PROBLEM REQUIREMENTS
Of all the lines in the material, tally those containing the string "from", and report nothing but the total.

DATA FOR REVIEW
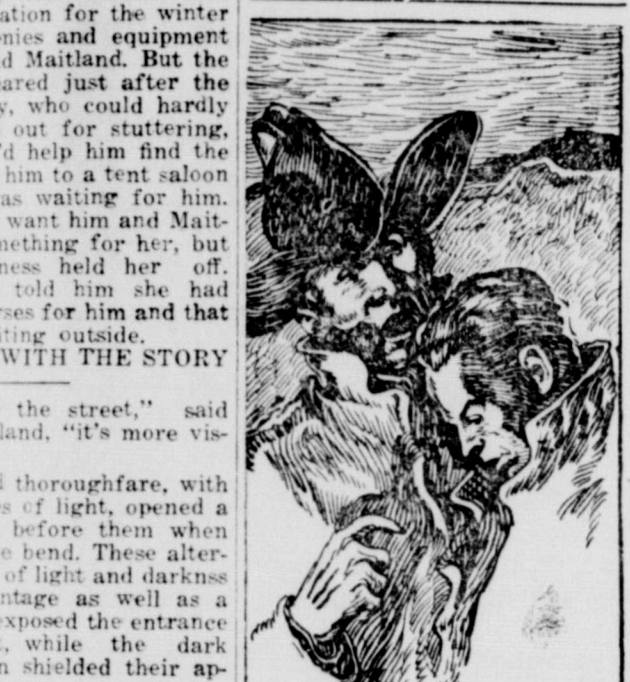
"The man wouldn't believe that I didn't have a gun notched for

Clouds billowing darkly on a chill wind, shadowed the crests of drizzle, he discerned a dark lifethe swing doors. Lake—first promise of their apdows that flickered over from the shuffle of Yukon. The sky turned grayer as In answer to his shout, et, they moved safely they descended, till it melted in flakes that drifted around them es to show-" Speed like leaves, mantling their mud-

==

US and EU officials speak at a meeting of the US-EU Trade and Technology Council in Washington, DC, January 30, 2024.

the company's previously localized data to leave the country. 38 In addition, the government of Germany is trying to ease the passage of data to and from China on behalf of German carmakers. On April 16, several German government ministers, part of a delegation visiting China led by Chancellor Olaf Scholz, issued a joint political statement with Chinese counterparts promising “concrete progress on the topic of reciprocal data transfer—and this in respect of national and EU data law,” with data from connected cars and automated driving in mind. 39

YOUR SOLUTION
2